(INFORMATION)

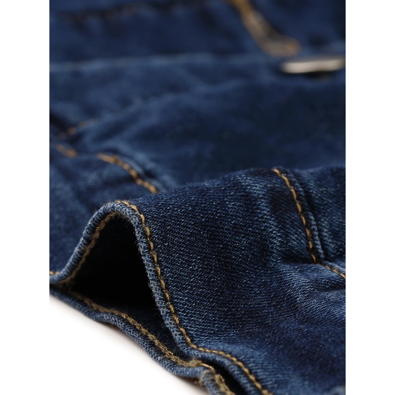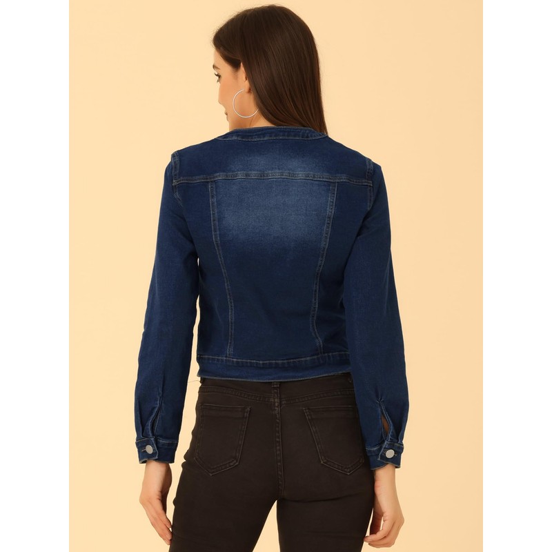 Allegra K Women's Denim Jacket Button Down Collarless Long Sleeve Jean Jackets Small Deep Blue
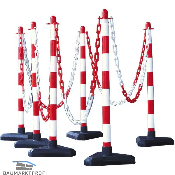 Lieferung inkl. 6 Kettenständer, 10 m Kunststoff-Kette und je 10 Verbindungsglieder und Einhängehaken.
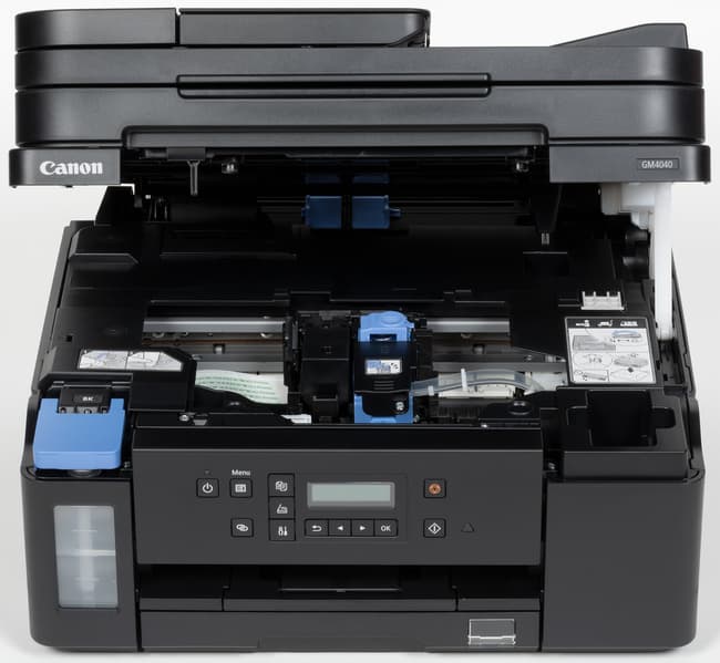 Модель Canon Pixma GM4040 нельзя назвать уникальной, подобные монохромные устройства есть и у других производителей. Выделяет ее из общего ряда возможность установки картриджа CMY, чтобы получить цветную печать; правда, реализовано это на основе изменения конструкции полноценного цветного МФУ, а не в виде самостоятельной разработки, что привело к некоторым шероховатостям, хотя и не слишком значительным. Тем не менее, эта опция вполне может склонить потребителя, выбирающего подобный аппарат, к покупке данной модели Canon: можно долго спорить, что лучше — струйная или лазерная печатающая техника, но уж точно ни один лазерный принтер не может предложить такого расширения возможностей.
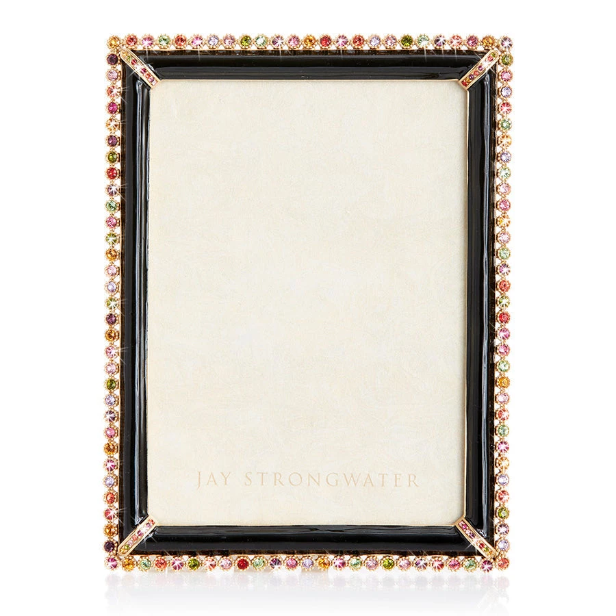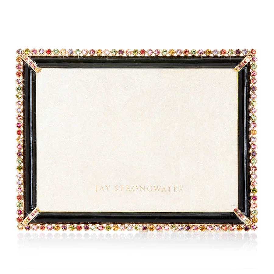 Our classic Lucas frame features a translucent black enamel which flows over a gold toned pewter frame. The edges sparkle with a rainbow of faceted colored crystals. This Lucas frame is finished with our signature pierced fleur-de-lis metal back plate and kickstand. Hand-crafted at the Jay Strongwater Rhode Island workshop. Stands vertically or horizontally.
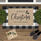 Adicione um toque de elegância à sua decoração da varanda de férias com este design de tipografia de "Feliz Natal" na moda. Inclui o moderno roteiro de caligrafia escrevendo com texto personalizado que pode ser personalizado com o monograma de sobrenome de sua família, juntamente com um sotaque festivo de folhas e bagas sagradas. Inclui um fundo rústico neutro do que texturizado.
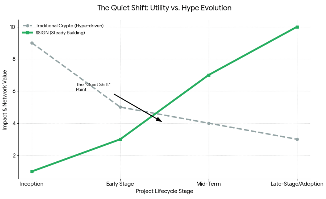 I believe that the most significant change of mindset is the understanding that not all significant projects seem so at the beginning of their existence in the crypto industry. As a matter of fact the most important ones tend to seem uninspiring at first. No noise. No constant hype. Just steady building. That was precisely the impression I began to get with Sign.
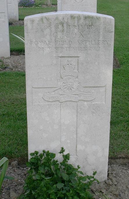 George is listed as dying of his wounds on 2 Sep 1917. He is buried at Bleuet Farm Cemetery. Bleuet Farm was home to a Dressing Station put in place in prepartion for the Third Battle of Ypres. As George died at a Dressing Station it is likely that he died soon after he wounded and before he could be evacuated to a Casualty Clearing Station or Hospital. (Click here for more on the Evacution Chain for the Third Battle of Ypres). The war diary for the 1st and 2nd September 1917 is transcribed below. The diary does not appear to contain any references to Casualties so does not help identify a specific day that George was wounded, although it does mention the destruction of a gun belonging to D Battery on the 1st Sept. Bridgade HQ at Map Reference [Ypres] 28.B.11.a.5.7 which was just SW of Boezinge and just north of Bleuet Farm. 1.9.1917: During the night a gun of D/75 was completely demolished by 8" or 11" shell. 7am: All batteries carried out concentrated shoot at intense rates on shell holes in area U.17.b.75.45 - U.17.d.50.95 - U.17.c.05.20 = U.17.b.25.45 (Sheet 20) from 7am to 7.2am and 7.15am to 7.17am. [Click here to plot] 11am to noon: Dugouts at U.10.c.89.19 the Mill at U.10.d.38.95 and the Huts at U.11.d.00.46 were kept under fire from 11am to noon during heavy bombardment of these targets. 1pm: From 1pm to 2pm a concentrated shoot of all batteries took place on shell hole area 75 yards N&S of line U.17.a.40.75 – U.17.a.0.8. F Group Headquarters moved to 28/B.11.a.5.7 during the morning. Light bad for observation during day. 2.9.17 - 8am: Owing to weather aeroplane shoot arranged D/75 did not materialize. A concentrated shoot of all guns in left Artillery took place from 8am to 8.2am and from 8.45am to 8.47am on shell hole area U.17.a.30.95 – U.11.c.3.2 – U.16.b.9.9. 5pm: From 5 to 5.2pm 75th Brigade shot on hostile battery at U.10.a.78.57 and in cooperation with heavy artillery all guns fired 3 rounds of gun fire on U.17.d.7.5 – U.18.c.4.6 and copse at U.24.d.5.9 at 3.50pm, 4.10pm and 6pm respectively. END |
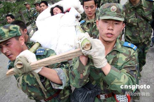 地震發(fā)生后,中國(guó)人民解放軍官兵迅速趕往四川各個(gè)災(zāi)區(qū)全力進(jìn)行救助,被災(zāi)區(qū)人民親切的稱為“親人解放軍”。中新社發(fā) 黃家明 攝
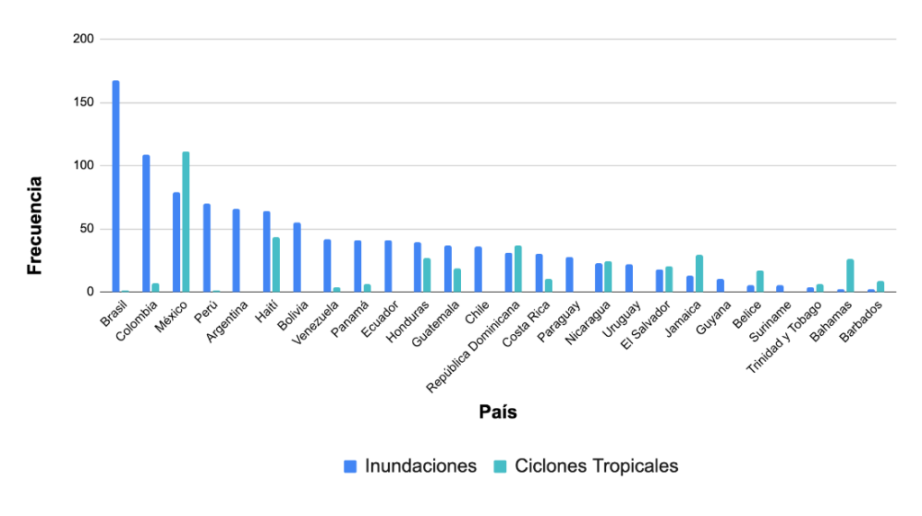 En los últimos años, América Latina y el Caribe ha experimentado un incremento en el número de desastres naturales ocasionados por eventos climáticos extremos. Argentina, Brasil, Colombia, Haití, México y Perú concentran la mayor frecuencia de inundaciones y ciclones tropicales desde 1900 (Figura 1), los dos tipos de desastres naturales reportados con mayor frecuencia en la región.
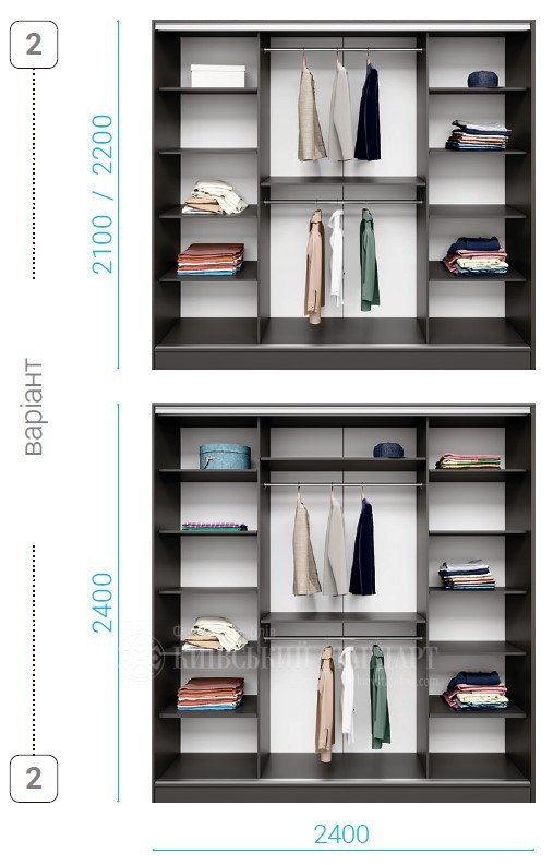 Ви можете самостійно компонувати як наповнення так і фасади вашого шкафу-купе.
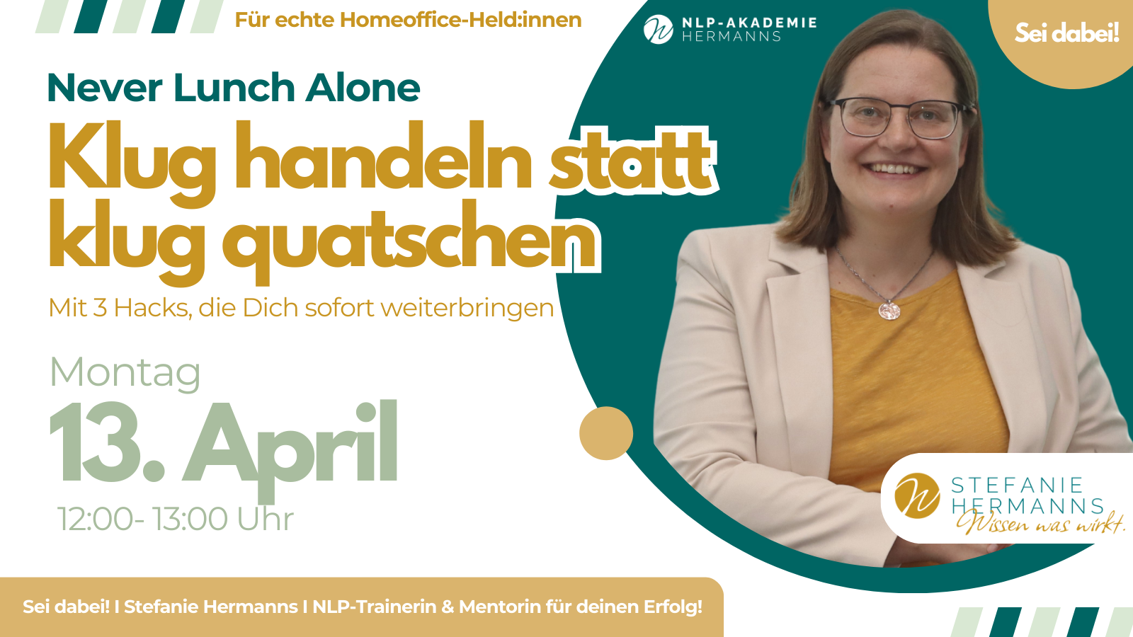 Speziell für alle Homeoffice-Held:innen, die zwischen Videocalls echte Impulse suchen: Schluss mit dem einsamen Mittagessen! Erfahre von der NLP-Akademie Hermanns, wie Kommunikation wirklich wirkt.

(End INFORMATION)

**TASK PROMPT:** Leaving out the pictures, restate each line of the listing above verbatim, from the opening line to the line bearing "Модель Canon Pixma", inclusive, and no more.

**WRITTEN ANSWER:**
 Allegra K Women's Denim Jacket Button Down Collarless Long Sleeve Jean Jackets Small Deep Blue
 Lieferung inkl. 6 Kettenständer, 10 m Kunststoff-Kette und je 10 Verbindungsglieder und Einhängehaken.
 Модель Canon Pixma GM4040 нельзя назвать уникальной, подобные монохромные устройства есть и у других производителей. Выделяет ее из общего ряда возможность установки картриджа CMY, чтобы получить цветную печать; правда, реализовано это на основе изменения конструкции полноценного цветного МФУ, а не в виде самостоятельной разработки, что привело к некоторым шероховатостям, хотя и не слишком значительным. Тем не менее, эта опция вполне может склонить потребителя, выбирающего подобный аппарат, к покупке данной модели Canon: можно долго спорить, что лучше — струйная или лазерная печатающая техника, но уж точно ни один лазерный принтер не может предложить такого расширения возможностей.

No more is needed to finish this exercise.